Graphing the trajectory of a bullet shot at a falling cannonball can be done by plotting the position of the bullet over time. However, it's important to note that in this scenario, the bullet will not stop and reverse its motion due to the absence of external forces. Let's assume a simplified scenario for clarity:
Choose a coordinate system: Set up a Cartesian coordinate system with the x-axis representing the horizontal direction and the y-axis representing the vertical direction.
Determine the initial conditions: Note the initial position (x0, y0) and the initial velocity (vx0, vy0) of the bullet. Let's assume the bullet is initially at rest, so vx0 = 0, and vy0 is the initial upward velocity imparted to counteract the effect of gravity.
Determine the acceleration: The bullet experiences two primary forces: gravity acting downwards and the force imparted by the cannonball acting upwards. The net force on the bullet determines its acceleration. Let's assume no other forces (e.g., air resistance) are significant. The acceleration in the x-direction is zero since there are no forces acting horizontally. The acceleration in the y-direction is the acceleration due to gravity, typically represented as -9.8 m/s^2.
Solve the equations of motion: Using the initial conditions and the equations of motion, you can determine the position of the bullet (x, y) as functions of time (t). The equations of motion can be solved separately for the x and y directions. Assuming the absence of air resistance, the motion in the x-direction is uniform, and the motion in the y-direction is subject to acceleration due to gravity.
x(t) = x0 + vx0 * t
y(t) = y0 + vy0 * t + (1/2) * (-9.8) * t^2
Plotting the trajectory: Using the equations above, you can generate a graph that shows the trajectory of the bullet. The x-axis represents time (t), and the y-axis represents the height (y) of the bullet above the ground.
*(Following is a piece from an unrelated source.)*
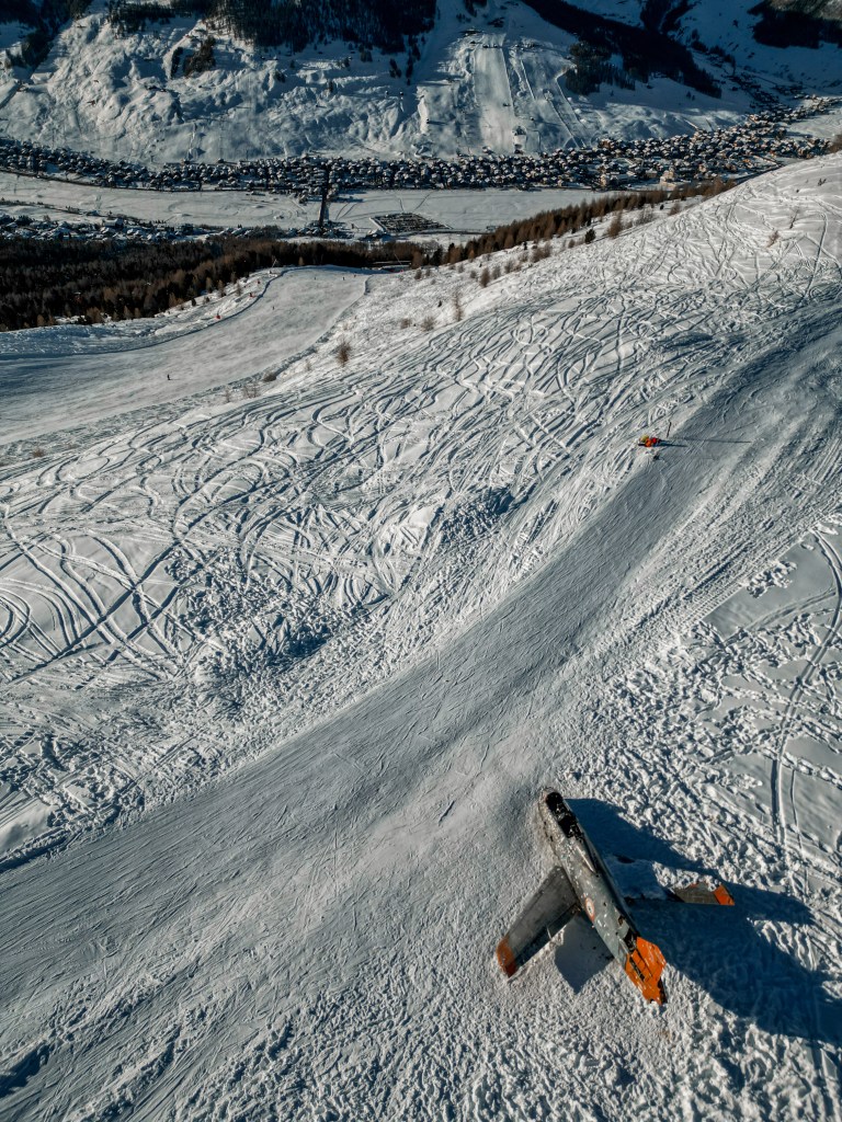 Bazując na moim tygodniowym doświadczeniu mogę polecić Wam zdecydowanie Mottolino, wg mnie było ciekawsze od przeciwnego Carosello3000. Na Mottolino znajdziecie też atrakcję turystyczną – wark samolotu 🙂 Skąd wziął się samolot na stoku narciarskim ? samolot, a dokładnie wrak maszyny szturmowej Fiat G.01R/1 służył we włoskich siłach powietrznych od 1958-1995. Obecnie atrakcja na stoku zjazdowym, można zasiąść za sterami.

The graph will show the bullet initially at rest, then it will start to fall due to gravity, and its height will decrease over time until it reaches the ground. The horizontal position (x-coordinate) will continue to increase uniformly since there are no forces acting in that direction.
Note that in this simplified scenario, we are assuming that the bullet's trajectory is not significantly affected by air resistance or other external factors. In reality, these factors can influence the motion of the bullet and the cannonball.